Im April begannen Clemens und Lucian Muth mit der eigentlichen Sanierung der abgestürzten und stark abgewitterten Fiale , Sie brachten "eine Kiste voller Trümmer" nach Unterneuses und machten erst einmal eine Bestandsaufnahme der zerbrochenen Ziersäule. Zunächst legten sie die größten Kalksteintrümmer auf die Werkbank und ergänzten dann die kleineren wie bei einem dreidimensionalen Puzzle. "Die Eisenteile müssen entfernt werden", erklärt der Restaurator, erst dann könne er die Teile mit einem Steinergänzungsmörtel zusammenfügen. "Danach wird man nicht mehr viel von den Schäden sehen - jetzt sieht's natürlich schlimm aus", fährt er fort.

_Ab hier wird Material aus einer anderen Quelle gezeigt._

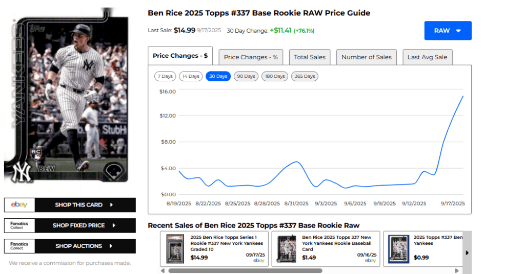 Rice’s official rookie card is part of the 2025 Topps Series 1 set with card number 337. According to SportsCardInvestor, the base version was trading for around one dollar in August. By mid September prices were moving toward sixteen dollars. This rapid increase reflects both strong demand and growing belief in Rice’s future.
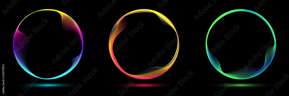 Samolepka Set of glowing neon color circles round curve shape with wavy dynamic lines

Sicherung aller vier Fialen
Die drei anderen Fialen des Rathauserkers werden ebenfalls von Muth restauriert. Sie sollen mit Klammern so gesichert werden, dass Passanten nicht gefährdet sind. "Das Problematische", sagt Muth, "sind die Enden der Dübel, denn die sind Vibrationen ausgesetzt - bei Wind oder wenn sich ein Vogel draufsetzt."
In wenigen Monaten sollen die Fialen den Erker wieder sichtbar zieren. Auf die lange Bank schieben will Clemens Muth die Restaurierung nicht, wie er in Anspielung auf eine stehende Redensart sagt. Deren Ursprung liegt wahrscheinlich beim Immerwährenden Reichstag: "Lange Bank" wurden jene Sitztruhen genannt, auf denen die Gesandten etwas abseits des Entscheidungsprozesses warten mussten. Die mitgebrachten Akten wurden in diesen Truhen verstaut, um sie später herauszuholen und zur Entscheidung zu bringen. Manchmal dauerte der Prozess jedoch so lange, dass die Akten vergessen wurden.
Der Immerwährende Reichstag in Regensburg
Name Der Immerwährende Reichstag war von 1663 bis 1806 die Bezeichnung für die Ständevertretung im Heiligen Römischen Reich. Er tagte in Regensburg.